Disclaimer: I am a slacker! I will be the first one to admit it. So I will apologize now for my late posting of my latest results. It was a busy week, so to my loyal followers, I am sorry for the delay. Now on to my post for the week.
I never thought in my wildest dreams that I would make it four weeks without food. I think about it and I can't believe the amount of strength that I have been able to conjure up. I am feeling so proud of myself. The other thing that makes me feel good is the amount of support I have gotten from my friends and family. Hearing people tell me what a great job I am doing is a great motivator to keep moving forward and to do the best I can do. I got this, and I will succeed.
In the beginning, I was kind of worried about how people would react about being in a program like this, but I have to say, the people in my world have been very receptive. It is an extreme measure to take, but if it works, hey why not, and so far it has been working. I recently went public with my involvement in the program at a meeting I was at last week. Many of my colleagues mentioned how great I was looking, and asked what my secret was. I thought about keeping it my secret, but then I thought, why should I? I am proud of my success, and I want to shout it from the rooftops that Optifast is working for me. The other reason is because maybe my involvement in the program will be the push that someone with weight issues needs to make a health change in their life. So I said that I was in this medical program, and gave the quick and dirty explanation. Surprisingly the reaction was not skepticism, it was awe. I guess mostly because when you think about it, it takes an awful lot of willpower to do what I am doing. It also doesn't hurt that I am as stubborn as they come!
Despite having a busy week, and feeling a lot of hunger and cravings, I stuck to the program. It's sometimes really hard, and the moments that get me are when I just feel defeated by the monster that I have created. I did this to me, no one else did it, and it's up to me to prevail. One of the moments that nearly sent me into a tailspin was when my husband ordered pizza for supper. It looked and smelled so good. I would have killed for a bite. But I asked myself, would you be able to stop after just one bite? The answer: highly doubtful. So I walked away, bottle of water in hand, cup of ice cubes in the other, and for one more day, I beat the monster!!

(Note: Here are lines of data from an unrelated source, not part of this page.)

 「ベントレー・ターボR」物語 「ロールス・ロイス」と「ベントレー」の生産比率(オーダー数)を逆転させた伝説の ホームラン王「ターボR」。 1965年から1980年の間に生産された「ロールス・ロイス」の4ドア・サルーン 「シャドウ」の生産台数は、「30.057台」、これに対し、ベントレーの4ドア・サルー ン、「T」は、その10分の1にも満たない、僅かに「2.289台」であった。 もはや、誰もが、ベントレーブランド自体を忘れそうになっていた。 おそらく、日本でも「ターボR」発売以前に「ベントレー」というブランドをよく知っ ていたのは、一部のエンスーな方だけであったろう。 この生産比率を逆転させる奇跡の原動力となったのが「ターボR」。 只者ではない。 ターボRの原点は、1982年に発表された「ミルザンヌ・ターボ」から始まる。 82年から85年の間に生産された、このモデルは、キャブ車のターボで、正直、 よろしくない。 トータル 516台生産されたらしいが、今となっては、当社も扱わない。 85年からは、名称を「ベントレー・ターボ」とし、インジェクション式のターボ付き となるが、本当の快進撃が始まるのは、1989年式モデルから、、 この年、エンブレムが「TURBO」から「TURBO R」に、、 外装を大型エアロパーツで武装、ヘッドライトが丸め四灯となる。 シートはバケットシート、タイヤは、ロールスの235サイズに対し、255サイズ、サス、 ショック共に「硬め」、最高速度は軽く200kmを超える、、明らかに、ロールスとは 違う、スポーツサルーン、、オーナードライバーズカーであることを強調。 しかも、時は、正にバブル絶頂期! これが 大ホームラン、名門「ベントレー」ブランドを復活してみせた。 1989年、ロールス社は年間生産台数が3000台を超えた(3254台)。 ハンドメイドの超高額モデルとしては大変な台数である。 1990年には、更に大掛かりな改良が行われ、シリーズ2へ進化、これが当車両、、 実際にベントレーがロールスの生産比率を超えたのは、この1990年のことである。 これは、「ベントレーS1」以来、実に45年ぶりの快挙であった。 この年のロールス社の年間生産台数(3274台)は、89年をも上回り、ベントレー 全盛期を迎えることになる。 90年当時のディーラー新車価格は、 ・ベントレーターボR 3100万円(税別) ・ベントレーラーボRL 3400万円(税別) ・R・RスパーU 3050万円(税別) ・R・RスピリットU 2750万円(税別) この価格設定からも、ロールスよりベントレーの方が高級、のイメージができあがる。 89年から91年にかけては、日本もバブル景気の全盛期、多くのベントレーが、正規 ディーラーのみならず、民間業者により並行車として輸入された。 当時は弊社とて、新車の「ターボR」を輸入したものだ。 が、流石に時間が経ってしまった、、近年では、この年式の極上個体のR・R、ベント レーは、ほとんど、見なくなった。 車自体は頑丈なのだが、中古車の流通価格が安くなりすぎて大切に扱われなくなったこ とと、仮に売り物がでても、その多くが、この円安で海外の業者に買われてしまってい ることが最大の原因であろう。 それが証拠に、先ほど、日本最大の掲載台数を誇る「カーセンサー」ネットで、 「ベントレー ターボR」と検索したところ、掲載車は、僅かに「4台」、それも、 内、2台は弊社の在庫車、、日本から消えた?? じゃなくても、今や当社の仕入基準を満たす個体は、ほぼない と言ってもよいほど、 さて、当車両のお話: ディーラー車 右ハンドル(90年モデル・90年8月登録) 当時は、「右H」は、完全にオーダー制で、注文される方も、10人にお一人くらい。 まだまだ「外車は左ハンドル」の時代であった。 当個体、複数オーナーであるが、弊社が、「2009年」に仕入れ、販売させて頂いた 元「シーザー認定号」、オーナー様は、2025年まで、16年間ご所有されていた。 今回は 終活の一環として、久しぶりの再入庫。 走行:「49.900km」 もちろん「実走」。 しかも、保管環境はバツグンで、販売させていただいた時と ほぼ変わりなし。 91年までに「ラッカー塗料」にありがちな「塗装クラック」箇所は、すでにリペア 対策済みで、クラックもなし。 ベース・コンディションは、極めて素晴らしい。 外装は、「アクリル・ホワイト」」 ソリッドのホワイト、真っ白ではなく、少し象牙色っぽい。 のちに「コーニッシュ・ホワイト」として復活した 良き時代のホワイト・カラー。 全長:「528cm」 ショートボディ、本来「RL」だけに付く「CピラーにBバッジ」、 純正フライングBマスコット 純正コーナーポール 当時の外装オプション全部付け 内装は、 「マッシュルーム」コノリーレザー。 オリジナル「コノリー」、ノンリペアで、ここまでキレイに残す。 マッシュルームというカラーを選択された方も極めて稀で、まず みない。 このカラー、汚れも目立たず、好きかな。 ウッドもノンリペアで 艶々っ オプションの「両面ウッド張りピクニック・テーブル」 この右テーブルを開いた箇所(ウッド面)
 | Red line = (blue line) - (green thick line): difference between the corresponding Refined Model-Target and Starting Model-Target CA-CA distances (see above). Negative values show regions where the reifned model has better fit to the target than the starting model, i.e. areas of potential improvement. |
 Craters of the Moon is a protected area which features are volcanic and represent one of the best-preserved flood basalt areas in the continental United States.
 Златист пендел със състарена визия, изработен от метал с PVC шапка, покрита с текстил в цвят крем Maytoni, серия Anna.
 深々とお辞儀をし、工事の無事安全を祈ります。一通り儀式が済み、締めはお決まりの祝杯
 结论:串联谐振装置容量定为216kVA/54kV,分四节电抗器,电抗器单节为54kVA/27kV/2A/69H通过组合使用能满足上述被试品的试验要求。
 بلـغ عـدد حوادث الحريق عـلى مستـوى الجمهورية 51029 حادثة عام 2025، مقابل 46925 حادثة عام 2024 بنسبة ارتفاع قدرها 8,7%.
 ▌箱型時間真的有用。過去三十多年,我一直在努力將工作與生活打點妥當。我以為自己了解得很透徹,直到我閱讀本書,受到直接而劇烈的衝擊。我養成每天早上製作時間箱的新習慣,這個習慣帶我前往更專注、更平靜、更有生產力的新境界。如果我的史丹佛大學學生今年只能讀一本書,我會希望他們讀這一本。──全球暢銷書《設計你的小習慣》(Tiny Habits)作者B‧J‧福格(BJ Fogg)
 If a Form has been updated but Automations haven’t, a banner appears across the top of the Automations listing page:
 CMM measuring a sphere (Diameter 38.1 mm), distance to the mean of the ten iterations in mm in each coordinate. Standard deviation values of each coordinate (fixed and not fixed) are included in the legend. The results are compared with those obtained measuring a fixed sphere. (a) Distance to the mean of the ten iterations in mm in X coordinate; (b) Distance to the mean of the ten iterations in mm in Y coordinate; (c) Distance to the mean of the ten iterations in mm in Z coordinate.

One of the things that I am struggling with right now is that I am having a hard time visualizing the results. The scale doesn't lie, the clothes that fit better don't lie, but why am I having such a hard time seeing what everyone else sees? So many people tell me they can see it, but when I look in the mirror, I still see the same thing, maybe a little bit on a good day, but that's it. I think the hardest part is that I have not been a fan of looking at myself in the mirror, so now when I do, I really look, because I am looking for the change. So this week we are talking about positive body image, and it got me thinking about what I want to see in terms of results that will make me happy. The answer is kind of silly, but it's something I have not had in a long time, and that is a sexy collar bone!! Silly I know, but when I see that it means, it has emerged from beneath the fat. And damn it, I think it's beautiful!! So that is another of my goals for this journey. So, come on sexy neck bones, I know you are there, now come on out!!
Tuesday nights are becoming something I look forward to. I really like seeing my program mates. They are such wonderful people, and so funny! I laugh a lot when I am at the meeting. It's nice to be grouped with such a great bunch. We are becoming like a cheering squad for each other. It's great because we are not in it alone, and we know it! So this weeks meeting was another success for me!! I surpassed my goal of 30 pounds gone (I set a low goal for myself because the most I have ever lost on a serious diet was 25 pounds). This week I lost 7.6 pounds!!! I am so proud of myself! I am beating the monster, and that is amazing. The other thing that I am pleased to say is that I truly feel as though this will change my lifestyle, not just for the duration of the program, but for the rest of my life! I want this, and I want it for a long time. Life is a gift, and being in the program has been a great reminder!!
I am 34.8 pounds closer to a Brand New Me!!